## Task instructions
When the line with "採用担当者が待ち受けるブース" comes up, set it down and every later line to the end of the data, exactly and without pictures.
*** Opening Supplied material ***
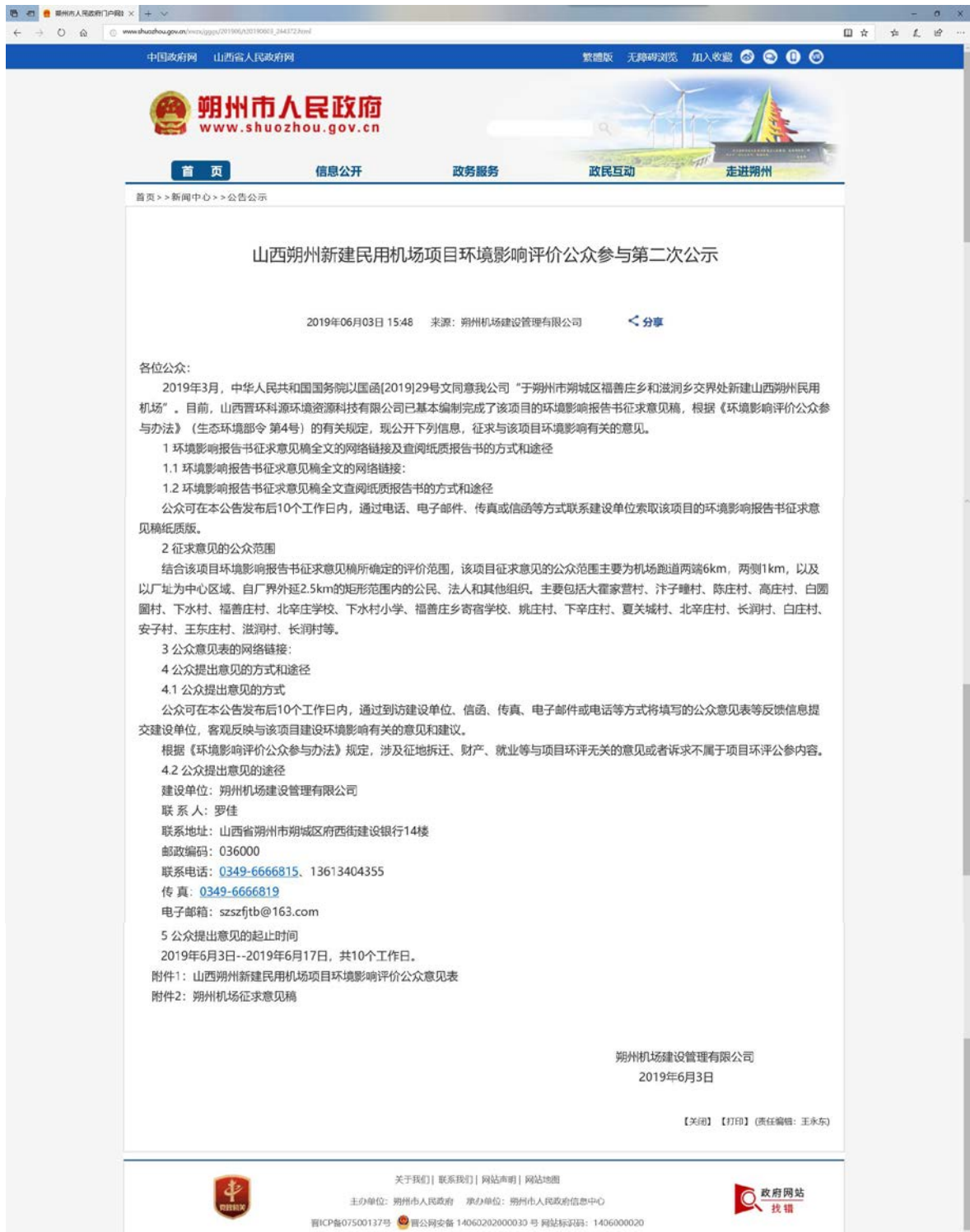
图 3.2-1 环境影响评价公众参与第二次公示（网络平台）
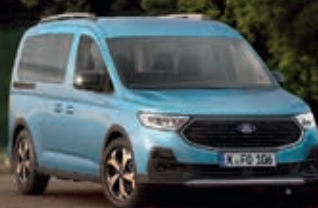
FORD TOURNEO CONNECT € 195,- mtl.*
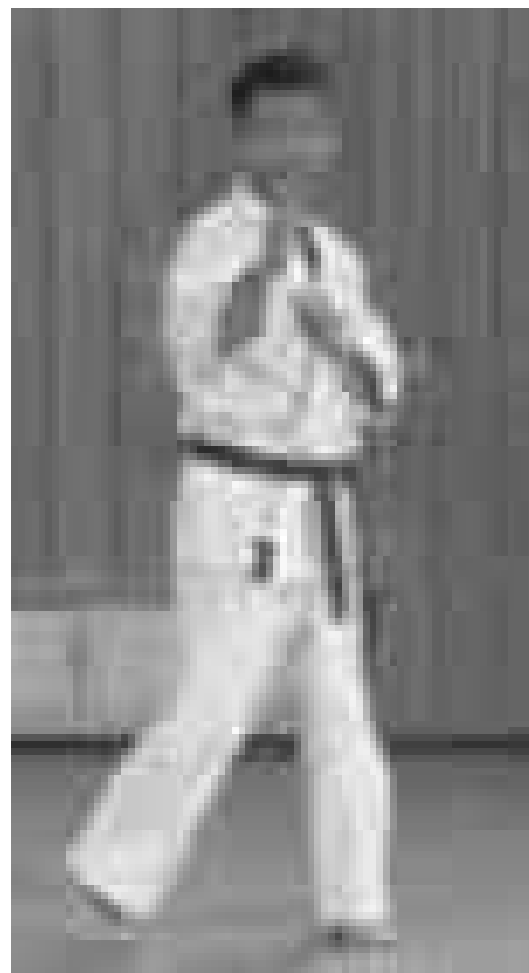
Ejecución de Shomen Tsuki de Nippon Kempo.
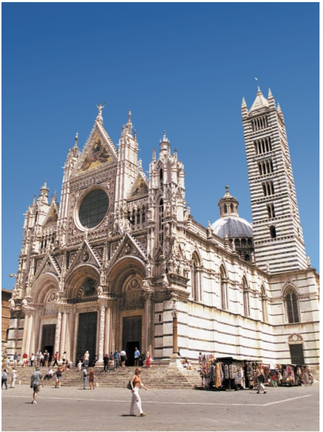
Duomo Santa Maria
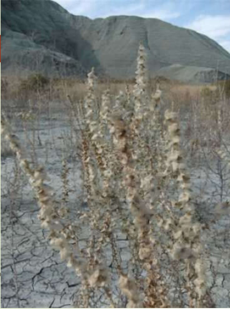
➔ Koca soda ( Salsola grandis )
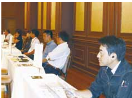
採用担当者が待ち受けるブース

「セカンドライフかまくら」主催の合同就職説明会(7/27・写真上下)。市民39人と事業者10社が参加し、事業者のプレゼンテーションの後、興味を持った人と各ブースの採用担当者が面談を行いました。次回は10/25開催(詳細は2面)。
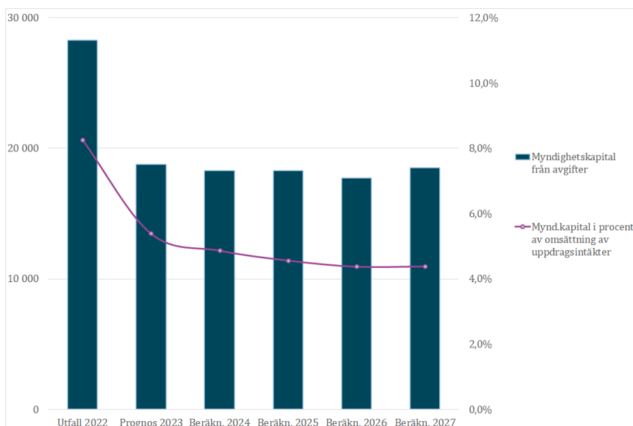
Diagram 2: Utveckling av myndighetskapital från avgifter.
*** Closing Supplied material ***
## Expected answer
採用担当者が待ち受けるブース

「セカンドライフかまくら」主催の合同就職説明会(7/27・写真上下)。市民39人と事業者10社が参加し、事業者のプレゼンテーションの後、興味を持った人と各ブースの採用担当者が面談を行いました。次回は10/25開催(詳細は2面)。
Diagram 2: Utveckling av myndighetskapital från avgifter.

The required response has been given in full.